Traegers are great at comps as long as it's not too cold or windy, and you have a reliable and constant source of power.

Traeger helped us to place, most often in the top three ,  in 2007


----------



## monty3777 (May 14, 2008)

Adrienne said:
			
		

> Traegers are great at comps as long as it's not too cold or windy, and you have a reliable and constant source of power.



What are the issues with cold and wind in addition to what would be a problem for a WSM?


----------



## wittdog (May 15, 2008)

The issue with a pellet pooper when it comes to wind and rain and cold is the way it works….the little element that heats the pellets might not get the pellets hot enough with the inclement weather factoring in heat loss ect…The dial that controls the temp might not go up to 11   …. Not to mention water and electronic pit components don’t mix well..(All this being said I’ve never cooked on a outdoor oven  :twisted:  :P    so I could be off base) ….Where as on a WSM…wind might make it run hot or if it’s cold..you just need to open the vents more to bring in more O2.…more O2 hotter fire..I've used my WSMs in real cold weather and haven't had any issue getting it up to temps other than having to use more charcoal and having the vents open more than normal


----------



## Kloset BBQR (May 15, 2008)

A traeger will work just fine in sub-zero temperatures and in rain.  The only difference is it will use much more fuel since it is not insulated.

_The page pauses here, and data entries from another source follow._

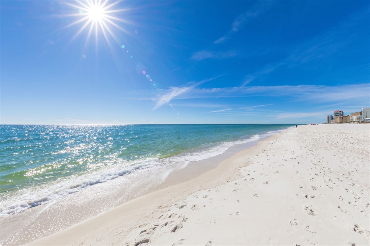 Just one easy block from the beach, this beautifully updated Gulf Shores retreat offers relaxed coastal living with walkable dining, shared resort-style amenities, and partial Gulf & Bay views.
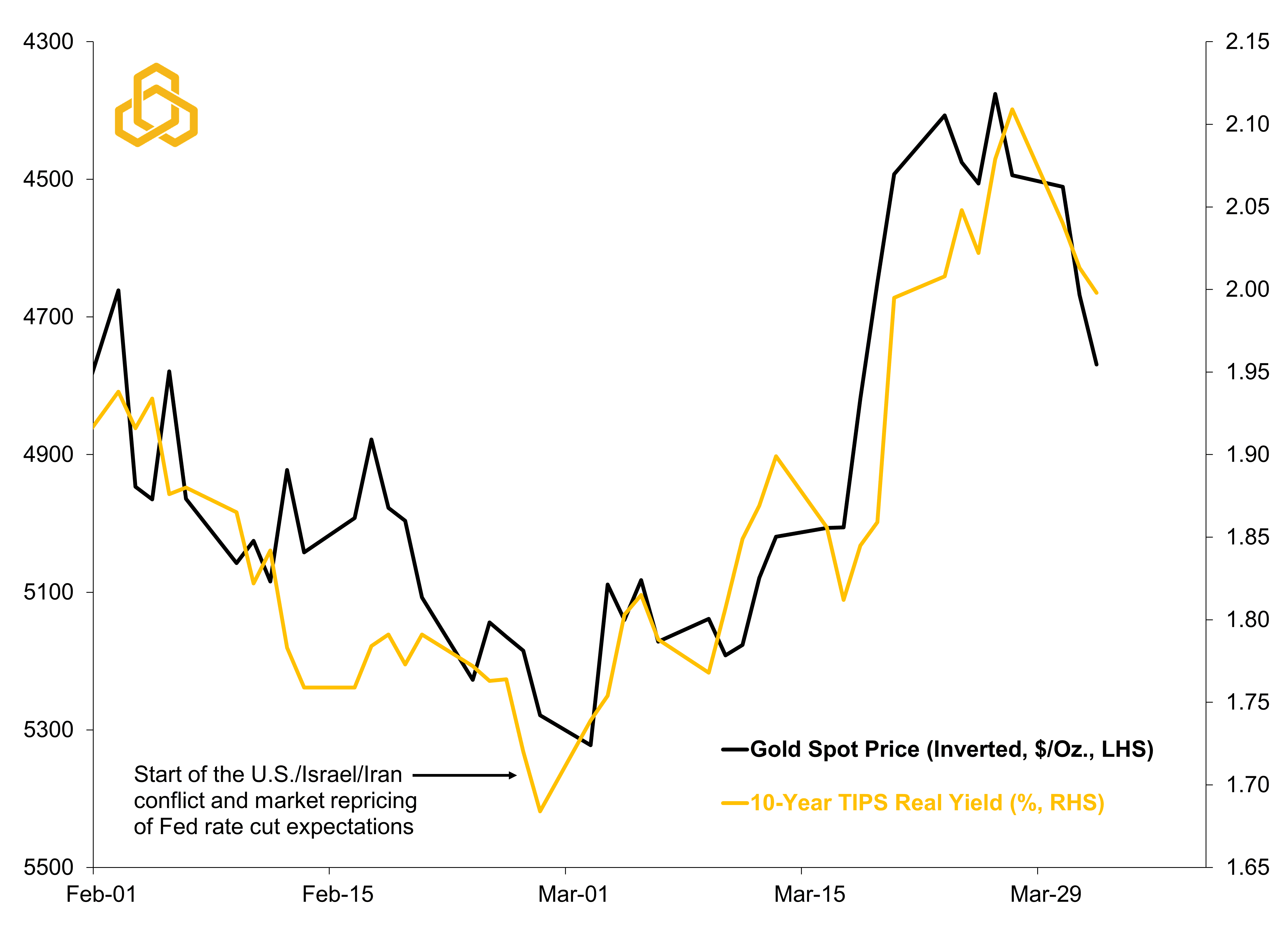 We remain in the camp that a rate hike will ultimately be avoided as tensions ease and the labor market remains sluggish. However, the recent whipsaw in gold prices serves as a useful reminder that markets tend to move ahead of Fed communication (see figure 3 and No More Goldilocks for Gold? Here is What Changed for additional detail).
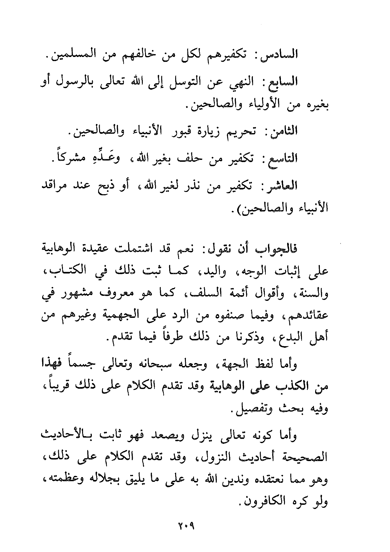 فالجواب أن نقول: نعم قد اشتملت عقيدة الوهابية على إثبات الوجه واليد كما ثبت ذلك في الكتاب والسنة وأقوال أئمة السلف، كما هو معروف مشهور في عقائدهم، وفيما صنفوه من الرد على الجهمية وغيرهم من أهل البدع، وذكرنا من ذلك طرفاً فيما تقدم.
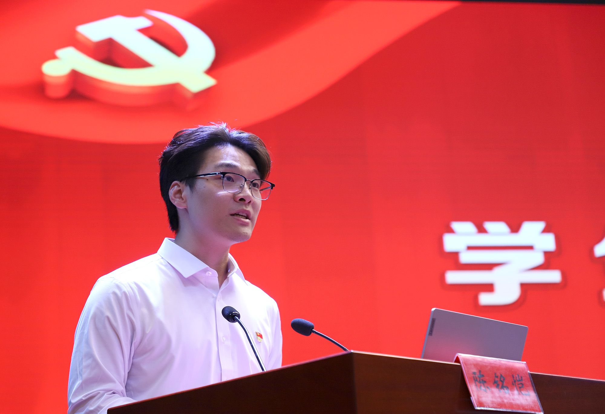 畢業生黨員代表、醫學院陳銘愷同學在發言中表示,重溫入黨誓詞,以鏗鏘誓言叩問初心,以如磐信念照亮征程,既是對紅色基因的賡續傳承,也是對時代使命的莊嚴承諾。他號召同學們懷愛國之心、立報國之志、增強國之能,以“功成不必在我”的理想信念和“功成必定有我”的青春擔當,在祖國建設偉大征程上奮楫篤行、勇攀高峰。
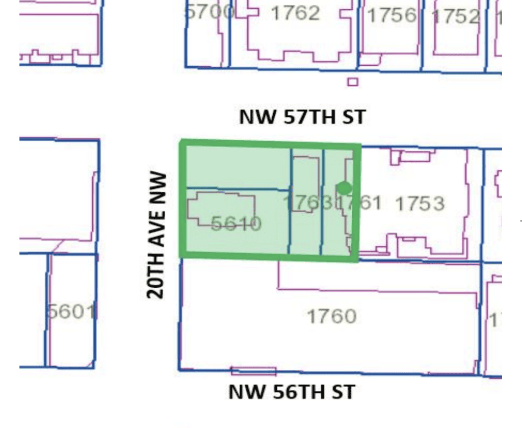 The two houses at 1761 and 1763 NW 57th St (built in 1900 and 1901), plus the Jonsson Law Firm building at 5610 20th Ave NW sold almost a year ago for $5.9 million*. Parking for 59 vehicles is in the plans.
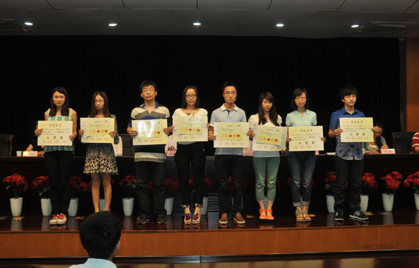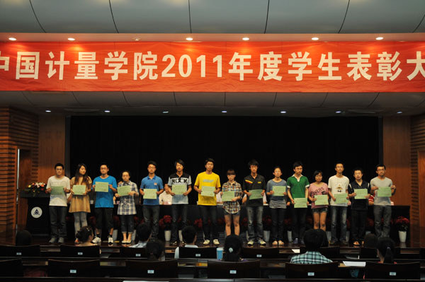 会议首先由陶伟华副书记宣读获奖表彰文件。对获得校级以上学科竞赛、国家奖学金、各类专利、浙江省红色经典歌曲合唱大赛及浙江省第三届大学生艺术展演活动奖励的学生进行表彰。2011年我校学生在学科竞赛、学生专利及发表论文等方面取得了优异成绩, A类学科竞赛中获得715人次获得238项奖励,其中全国奖23项,省三等奖以上160项;共获准各类专利723项,其中发明专利3项、实用新型专利174项;共发表论文164篇,其中EI/SCI收录论文14篇、核心期刊25篇。在2011年省属本科院校教学业绩考核中反映学生创新实践成果的学科竞赛、学生专利、发表论文3项指标综合得分全省排名第一。随后,校领导和有关职能部门负责人为获奖学生代表颁发了证书。
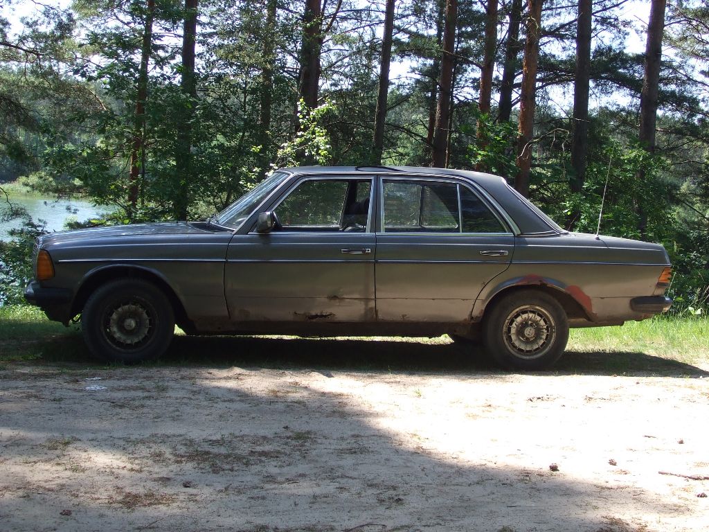 Witam, nawet nie wiem od czego zacząć... Ciężkie zadanie postawiłem przed sobą. Podyktowane było ono ogromną chęcią posiadania własnej beczki do jazdy na codzień. Bardziej zorientowani w temacie wiedzą, że pokazywana już na forum pomarańczowa 300D była dzielona wspólnie z moim ojcem. O ile byłem w domu miałem to auto do dyspozycji w każdym momencie. Wystarczyło mi to. Niestety odkąd zacząłem studia w domu bywałem (i nadal bywam) rzadko. Aby nie stracić na mobilności kupiłem sobie tanie wozidło, czyli Clio I z '94r. Właśnie remont pomarańczowej 300D i praca zarobkowa, oraz kupno Clio sprawiły, że w wakacje '09 zostałem bez pieniędzy i czasu na kontynuowanie prac przy w115. Obiecałem sobie, że w wakacje 2010 to nadrobię, bo nie będzie już takich przeszkód. Nawet w ferie zimowe trochę grosza zarobiłem, żeby w czerwcu móc od razu zacząć. No cóż... nie udało się. Nie mogłem pogodzić się z faktem, że nie mam beczki pod ręką, że jeżdżę plastikiem, który bądź co bądź był bez wad. No może nie był tak wygodny jak w123. Nie przyszłoby mi jednak do głowy pomysł, żeby go sprzedać i kupić beczkę. Nie zrobiłbym tego, ale zostałem delikatnie podpuszczony przez forumowego kolegę i potem sam zacząłem się nakręcać coraz bardziej i bardziej. Mimo, że środki miałem mizerne i takie same szanse na znalezienie czegoś za tą cenę, to udało się. W tym miejscu chciałbym bardzo podziękować forumowemu koledze
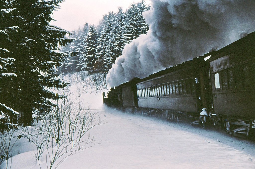 C55 57 wartet in Ryûgamizu ganz im Süden der Südinsel Kyûshû einen Gegenzug ab. Jenseits der Meerenge erhebt sich die grosse aktive Vulkan Sakurajima. 11.August 1972.
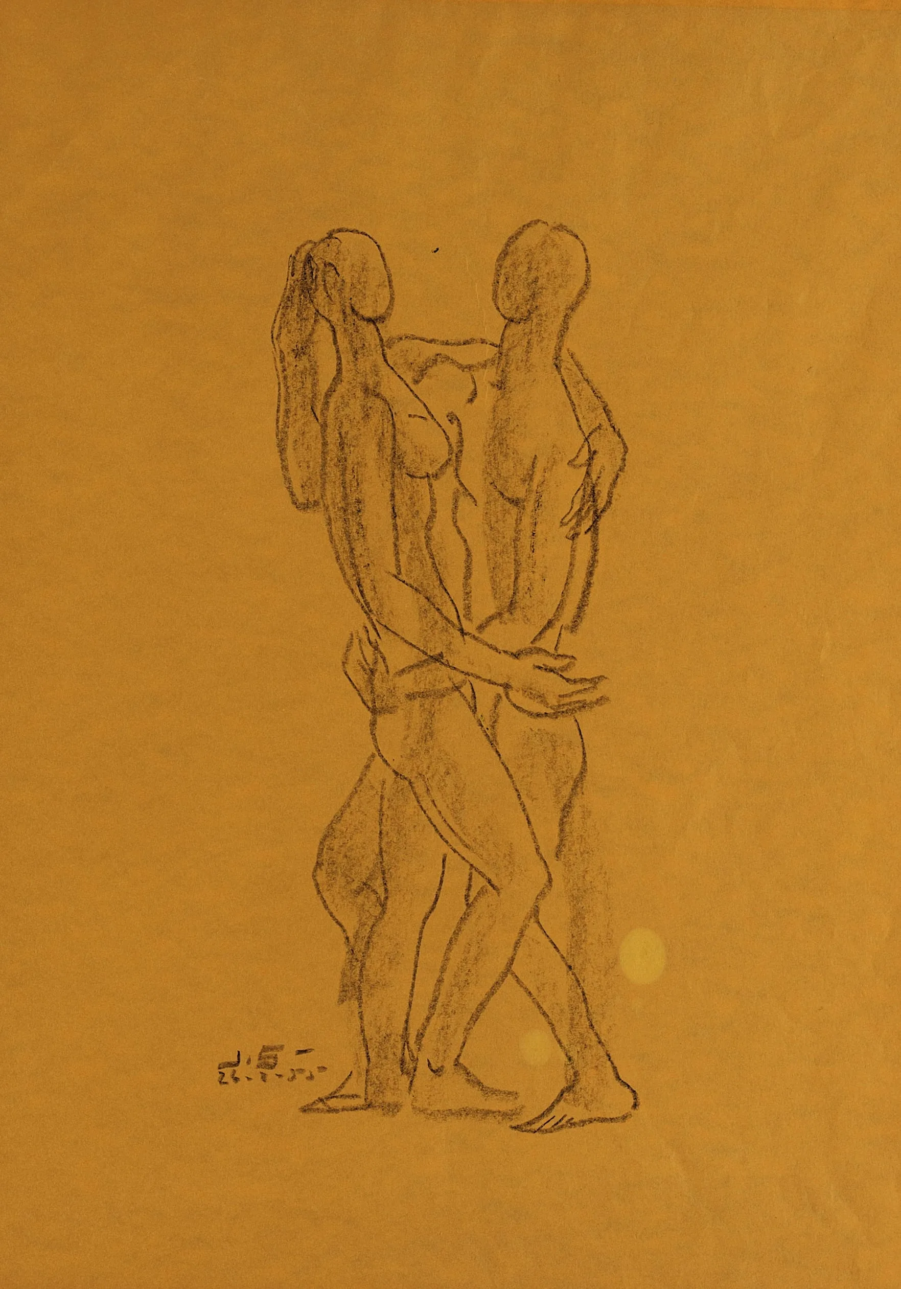 Charcoal drawing of two intertwined nude figures on amber-orange paper, rendered with loose gestural strokes and soft smudging

FEC's are insulated and will cook in any environment while using approximately the same amount of fuel although your mileage may vary.


----------



## Bill The Grill Guy (May 15, 2008)

Most comps have electric available.  If they dont, it will be advertised as no E/W.  Good luck with the traeger.


----------



## bigwheel (May 15, 2008)

Never experienced the pleasure of a WSM but have waltzed many a set with R2D2 type cookers of which the WSM is one with a fancy paint job and a high price tag in my view.  Try cranking that bad boy up in a 70 MPH rainstorm where the rain come in side ways and the weather is chilly. Bet it be hard for a WSM operator to keep up the heat on that deal.  Now my trusty ECB was in a situation like this once upon a time.  Just overturned a #2 galvanized washtub over the top...and the heat acts like it aint even raining.  Put a few bricks or logs on top of the wash tub so it dont blow away. 

bigwheel




			
				wittdog said:
			
		

> The issue with a pellet pooper when it comes to wind and rain and cold is the way it works….the little element that heats the pellets might not get the pellets hot enough with the inclement weather factoring in heat loss ect…The dial that controls the temp might not go up to 11   …. Not to mention water and electronic pit components don’t mix well..(All this being said I’ve never cooked on a outdoor oven  :twisted:  :P    so I could be off base) ….Where as on a WSM…wind might make it run hot or if it’s cold..you just need to open the vents more to bring in more O2.…more O2 hotter fire..I've used my WSMs in real cold weather and haven't had any issue getting it up to temps other than having to use more charcoal and having the vents open more than normal


----------



## wittdog (May 16, 2008)

BW least you forget....I live up North and deal with COLD weather cooks 9 months out of the year...


----------



## monty3777 (May 16, 2008)

bigwheel said:
			
		

> Never experienced the pleasure of a WSM but have waltzed many a set with R2D2 type cookers of which the WSM is one with a fancy paint job and a high price tag in my view.  Try cranking that bad boy up in a 70 MPH rainstorm where the rain come in side ways and the weather is chilly. Bet it be hard for a WSM operator to keep up the heat on that deal.  Now my trusty ECB was in a situation like this once upon a time.  Just overturned a #2 galvanized washtub over the top...and the heat acts like it aint even raining.  Put a few bricks or logs on top of the wash tub so it dont blow away.



On December 24 we experienced below zero weather and severe winds. My neighbor needed me to smoke a Christmas "ham" - not yet cured or smoked. WSM reached 225 in about 15 min and stayed there until the fuel ran out. Rain has NEVER been an issue for the WSM. Wind is its bitch and below zero cold is worse for the cook than the cooker.


----------



## WalterSC (May 18, 2008)

monty3777 said:
			
		

> Do any of you use a Traeger for comp? I am looking at one for $850 - looks like a typical offset with one level. I love the ease of use but I wonder if they are all they are cracked up to be.
> 
> Thanks!
> 
> BTW, any Traeger dealers on this forum? I would like to keep my $$$ among friends



I have thought about buying one for the house to be honest , Merry Oaks cooks at comps with them and thier food aint bad at all . But I will stick to my WSMs and my steel drum smoker for now. You can buld wind screens for the WSMs out of just about anything , I will be making some for mine.


----------



## Impailer (May 18, 2008)

we use our Traegers in temps about -25 or so and its never been an issue


----------